Dayo shook his head slightly.
"Independent."
"I’ll respond that way."
She typed quickly, sent the reply, then set the phone down for a moment.
There was a short stretch of silence, but it wasn’t empty. It was the kind that comes right before movement.
Sharon leaned back in her chair slightly, watching him.
"You know what this does, right?" she asked.
He didn’t answer immediately, but not because he didn’t understand the question.

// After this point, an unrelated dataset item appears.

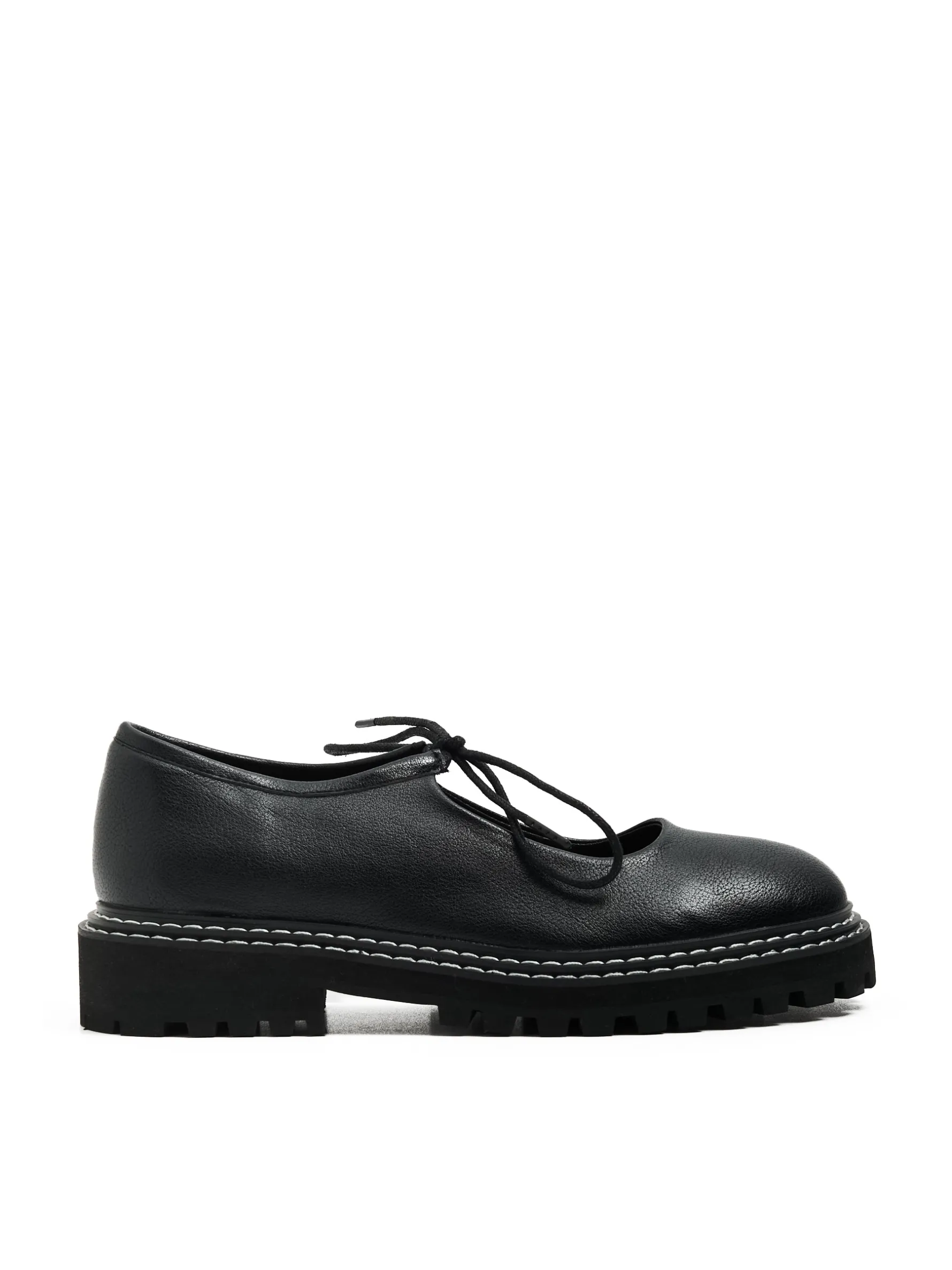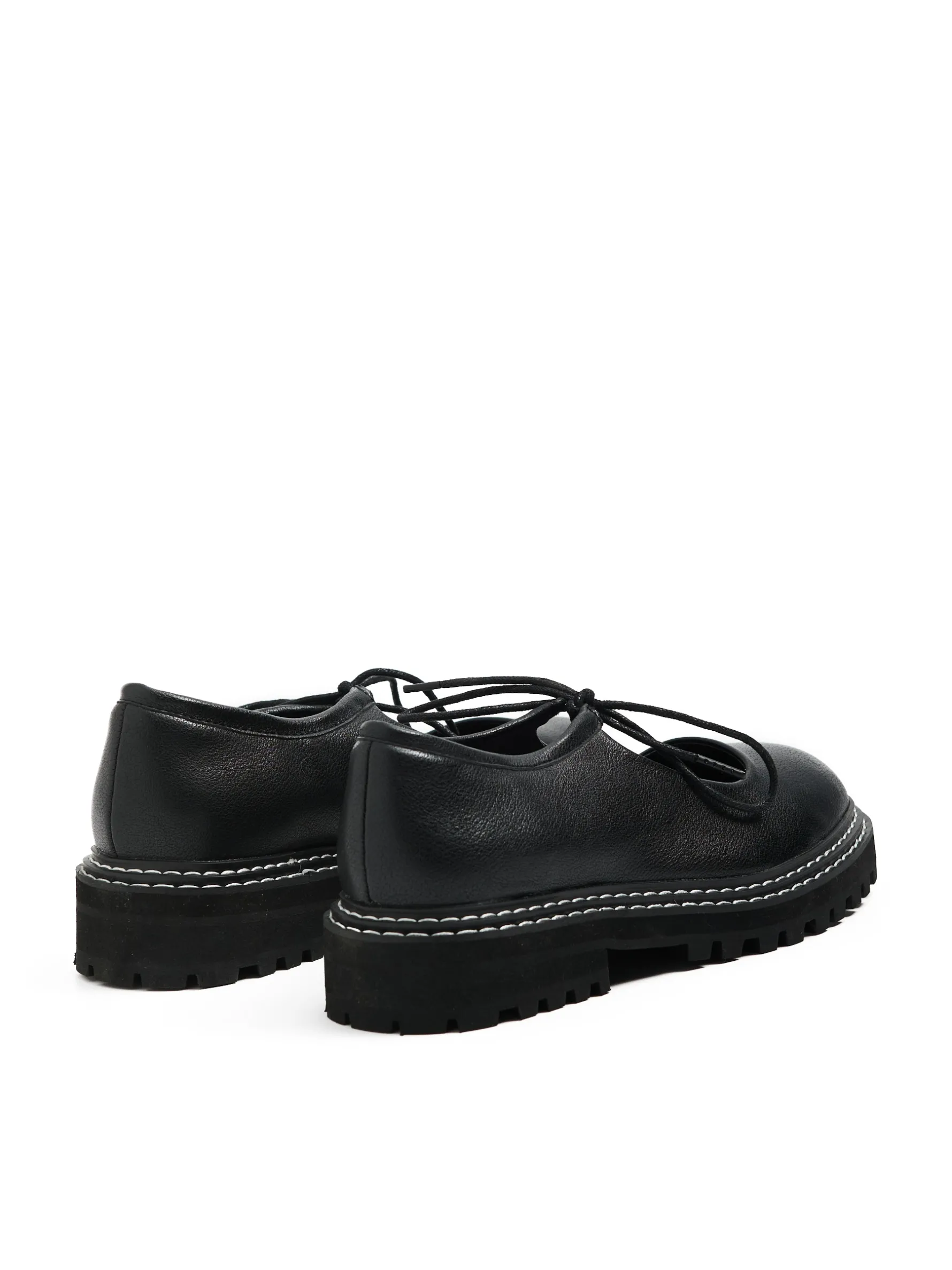 Półbuty damskie w kolorze czarnym, wykonane z imitacji skóry. Płaska podeszwa z niskim obcasem, ozdobne sznurowanie i kontrastowe przeszycia. Para idealna na ciepłe wieczory! cholewka z imitacji skóry wiązane na czarne sznurowadła traperowa, masywna podeszwa i obcas kontrastowe przeszycia

"It changes how they see me," he said.
"Yes."
"And how everything I do after this is interpreted."
"Yes."
He nodded once.
"I’m fine with that."
She held his gaze for a second longer, then gave a small nod.
"Then we move."
He stepped away from the table again, this time heading back toward the window, but his focus wasn’t on the city anymore.
It was on what came next.
Not the meeting itself.
What he needed from it.
What he wouldn’t accept.
What he would walk away from if it started going the wrong direction.
Behind him, Sharon picked her laptop back up and reopened it, already adjusting the data into something cleaner, something presentable. Not for show, but for clarity. If the conversation was going to happen, it needed to be structured enough that it couldn’t be easily dismissed or redirected.
Outside, the city kept moving like it always did.
Inside, the direction had already changed.
And for the first time since the incident, the focus wasn’t on what had happened.
It was on what was about to be done.